Dat brengt mee dat gedaagde geen oordeel toekomt over de vraag of appellant in die periode een gezamenlijke huishouding heeft gevoerd buiten de gemeente Ooststellingwerf. De vraag of van een gezamenlijke huishouding sprake is geweest laat de Raad in dit geding dan ook buiten bespreking.
Appellant heeft van zijn verblijf buiten de gemeente Ooststellingwerf geen mededeling aan gedaagde gedaan, zodat hij niet heeft voldaan aan de ingevolge - achtereenvolgens -artikel 30, tweede lid, van de ABW en artikel 65, eerste lid, van de Abw op hem rustende inlichtingenverplichting.
De omstandigheid dat het Gerechtshof te Leeuwarden niet bewezen heeft geacht dat appellant zich met betrekking tot de indiening bij gedaagde van rechtmatigheidsformulieren schuldig heeft gemaakt aan valsheid in geschrifte, doet hieraan geen afbreuk.
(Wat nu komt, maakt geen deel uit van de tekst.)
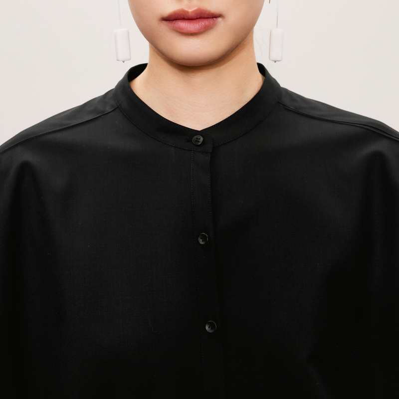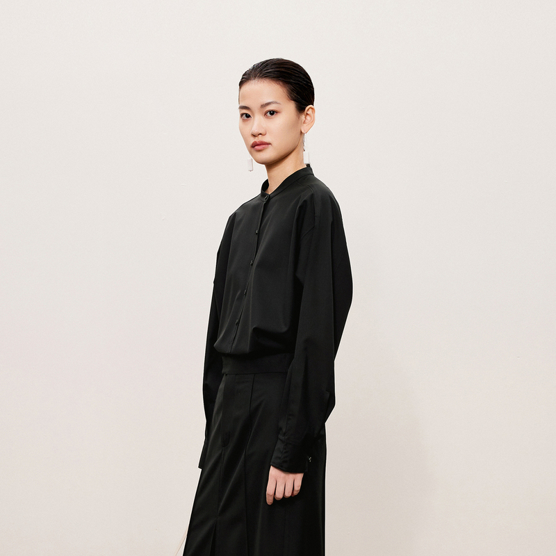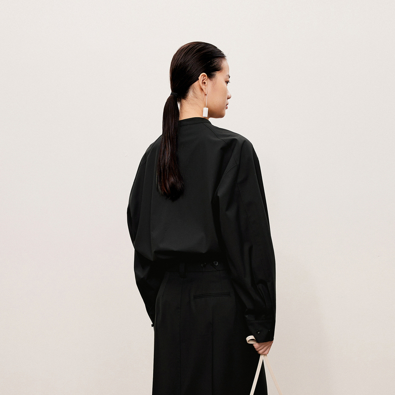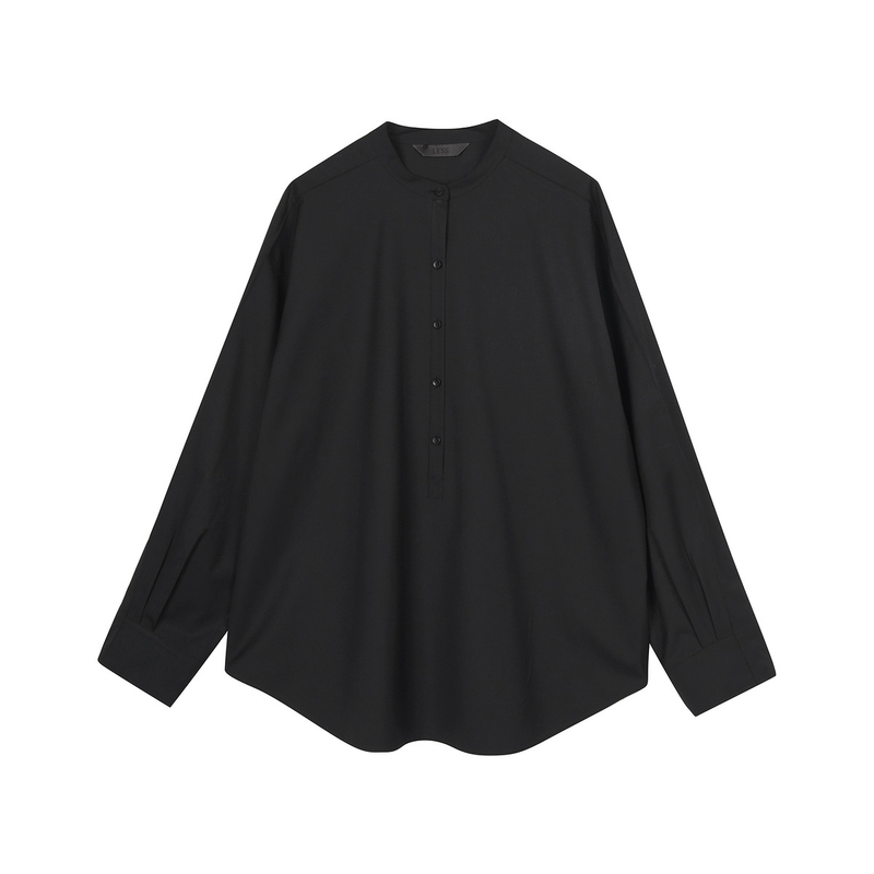 LESS春秋绵羊毛立领衬衫女东方古典套头半开襟通勤上衣2O9210410

Naar vaste rechtspraak is de bestuursrechter in de vaststelling van en het oordeel over het hem voorgelegde geschil in het algemeen niet gebonden aan hetgeen in een strafrechtelijk geding door de desbetreffende rechter is geoordeeld. Daarbij moet worden bedacht dat het in het onderhavige geschil gaat om de schending van de inlichtingenverplichting. In de strafzaak tegen appellant lag een andere rechtsvraag voor en was voorts een ander procesrecht van toepassing.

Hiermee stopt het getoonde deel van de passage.